The CI workload is bursty: peaks during the workday, idle most evenings and weekends (well… it should be at least… 😳). That’s a lot of compute and bandwidth to leave unused. A few things that pair well with a CI box without fighting it for resources:

  • Encrypted backup target. This is what I did. restic over SFTP, with a dedicated user on the runner box restricted to internal-sftp only. Daily cron pushes encrypted snapshots. CI doesn’t notice, backups don’t notice, and you save the cost of a separate backup service.
  • Monitoring / metrics hub. Run Prometheus or VictoriaMetrics plus Grafana to scrape your other servers. CI jobs are intermittent CPU spikes that don’t conflict with steady metric ingestion.
  • Tailscale / WireGuard exit node or coordination server for your homelab.
  • A staging environment for one of your projects.
  • Image registry mirror (Harbor or Zot): your CI pulls images anyway, might as well cache them locally.

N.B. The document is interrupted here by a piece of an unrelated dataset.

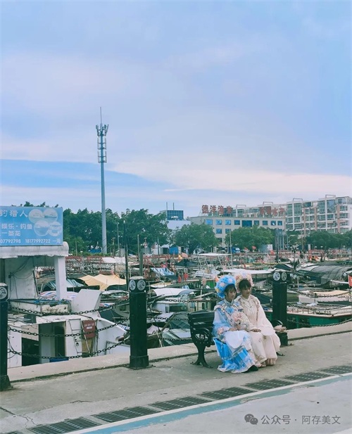 侨港风情街一端是金海岸大道,另一端是渔港码头,码头里停放着许多各种各样的渔船。码头附近经常有摄影师在为游客们拍摄古装艺术照。然而,在码头对面的一条街上也基本上都是艺术照相馆和渔具专卖店。
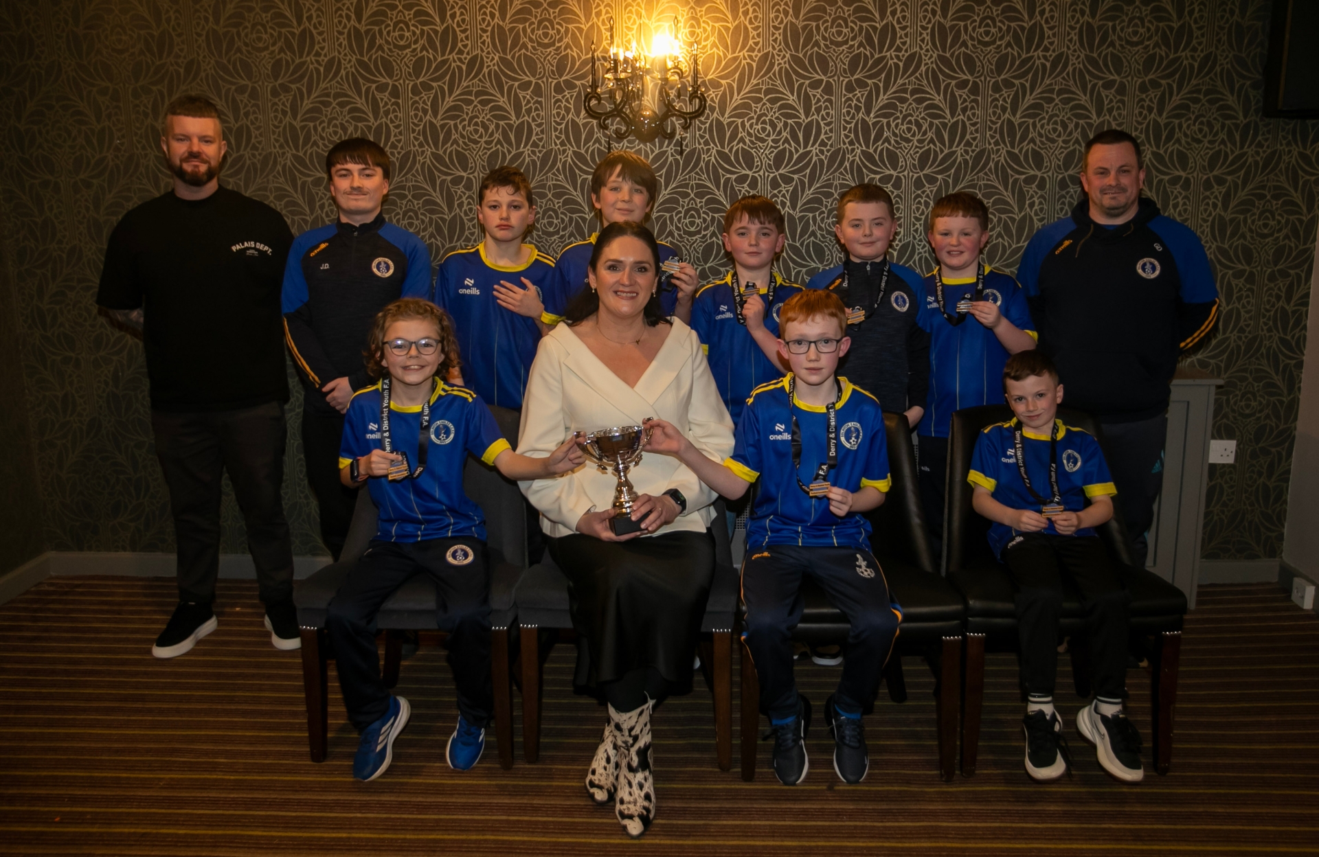 Eglinton Eagles u-10s, Summer Cup winners,, pictured at the D&D Annual Awards at the Waterfoot Hotel on Friday night. Included is Councillor Aisling Hutton. At back are coaches Gareth Doherty, Jamie Doherty and John Hillen.

So yeah, anything steady-state low-CPU combines well with bursty high-CPU CI work. Anything bursty high-CPU that overlaps with CI hours (e.g. a heavy nightly batch job) does not.

When to bother

Worth your time if at least two of these are true:

  • You’re paying €30+/month on GitHub Actions and the bill is growing.
  • Your CI takes long enough that you’ve started waiting on it instead of immediately context-switching back to it.
  • You already have, or are happy to operate, one small Linux VPS or homelab box.
  • You have private repos with a trusted team.

Not worth it if:

  • You’re on GitHub free tier for a public repo (CI is already free there).
  • You don’t want to own infrastructure (totally fair, GitHub-hosted is fine).
  • Your CI is mostly fast enough already.

For me the maths was simple: half the price, three times the speed, and a backup target I’d otherwise have paid for separately. Three months in, the only ops work has been one Docker version bump and watching disk usage. No regrets.

If you’ve done something similar, or have a clever use for the spare CPU on a CI box, I’d love to hear about it!